Cross referencing images and tables

Hi all, I noticed that when I use humanistic essay template (the english name could be different), the small tutorial tells me that if I use !image(nameimage) and #image(nameimage) I can write down the number of the image named “nameimage” and recall that number. The same for tables. And with that templates it works perfectly but when I try with other template I cannot. I’m becoming crazy trying to find the option to enable that funcion on another template, or to create a sostitution for the keywork “image” and “table” with prograssive numbers.

Can someone help me please?

To see where those are coming from, open up the Compile window for the Humanities template, and double-click on the “Undergraduate Essay” format in the left sidebar to edit it.

In the Replacements format pane, you’ll find all four of these codes—what you type in on the left, and what they are expanded to on the right (the “$@” token is used to store the key name you type in and insert it into the replacement wherever that token appears).

So this isn’t something the template itself does, it’s something the compile format does. The format in this case comes bundled with the template—while you are looking at the Replacements pane, you could alter the Save To setting above to “My Formats”, which would make this “Undergraduate Essay” format available to every project on your system.

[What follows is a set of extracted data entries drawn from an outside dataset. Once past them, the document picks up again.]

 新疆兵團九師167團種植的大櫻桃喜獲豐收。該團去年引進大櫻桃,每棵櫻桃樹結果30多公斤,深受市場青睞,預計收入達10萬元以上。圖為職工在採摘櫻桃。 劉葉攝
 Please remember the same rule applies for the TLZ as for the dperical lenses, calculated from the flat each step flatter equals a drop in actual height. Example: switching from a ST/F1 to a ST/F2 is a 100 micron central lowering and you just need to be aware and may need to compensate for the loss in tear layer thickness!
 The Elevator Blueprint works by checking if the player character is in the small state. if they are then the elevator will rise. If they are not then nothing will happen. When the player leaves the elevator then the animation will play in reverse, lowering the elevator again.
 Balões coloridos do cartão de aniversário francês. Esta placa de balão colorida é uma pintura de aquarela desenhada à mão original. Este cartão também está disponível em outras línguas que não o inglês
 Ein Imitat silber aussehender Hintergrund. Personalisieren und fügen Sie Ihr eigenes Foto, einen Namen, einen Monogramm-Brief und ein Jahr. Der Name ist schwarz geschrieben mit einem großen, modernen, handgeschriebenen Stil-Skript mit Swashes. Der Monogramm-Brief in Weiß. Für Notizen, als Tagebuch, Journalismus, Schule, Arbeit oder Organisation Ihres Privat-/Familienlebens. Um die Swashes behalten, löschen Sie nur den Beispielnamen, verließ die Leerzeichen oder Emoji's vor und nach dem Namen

However you might not want to actually use the entire format (fonts, footnote settings and so on). If you all you want are these replacements, I’d open the other project’s format designer and then simply drag and drop (or copy and paste) the replacements from this list to the other.

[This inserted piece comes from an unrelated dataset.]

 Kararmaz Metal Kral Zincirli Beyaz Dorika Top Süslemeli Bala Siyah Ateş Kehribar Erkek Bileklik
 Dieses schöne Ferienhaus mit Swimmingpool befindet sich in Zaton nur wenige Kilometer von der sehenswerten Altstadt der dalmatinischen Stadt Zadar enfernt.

I was looking substitutions into compile but not into undergraduate essay, thank you very much for the assistance. I’m trying to build my own template for scientific papers, finding some troubles with citation, I use zotero but the only way need to export into RTF and I cannot manage to insert images in a file that I know will be exported in RTF

Yes, having these Replacements in the format means you can apply the format to any project that uses these replacements and they will work. You would otherwise have to set up each project to handle them (or always start from a template). With this, you can even start from Blank and get the behaviour for free.

Thank you, may I ask you to what the syntax <$n:figure:$@> and <$n#figure:$@> belong to? Its not markdown cause it works even if I don’t compile with markdown, is it a function of scrivener only?

Yes, that’s a Scrivener function. You can look up all of our placeholder codes and how to use them from the Help menu, in “List All Placeholders…”. The one caveat is what I mentioned above, regarding the “$@” code. That only works in Replacements, and makes it so that if you type in !image(ImageName), the replacement becomes <$n:figure:ImageName>. That alone you can type in yourself into the text editor if you want—the Replacement is there to make the syntax a little easier to remember and edit around.

Briefly, the code constructs a named counter stream:

n
A simple numerical counter: 1, 2, 3…
figure
An arbitrary name for this number stream. You can thus have a counter for “figure”, “table”, “chapter”, etc.—as many as you want.
counterID
An arbitrary identifier for this one counter. It is what makes it so you can later on refer to this assigned number in cross-references.

Thus, <$r:part:SeventhPart> might render to “vii”, as $r generates Roman numerals in lower case.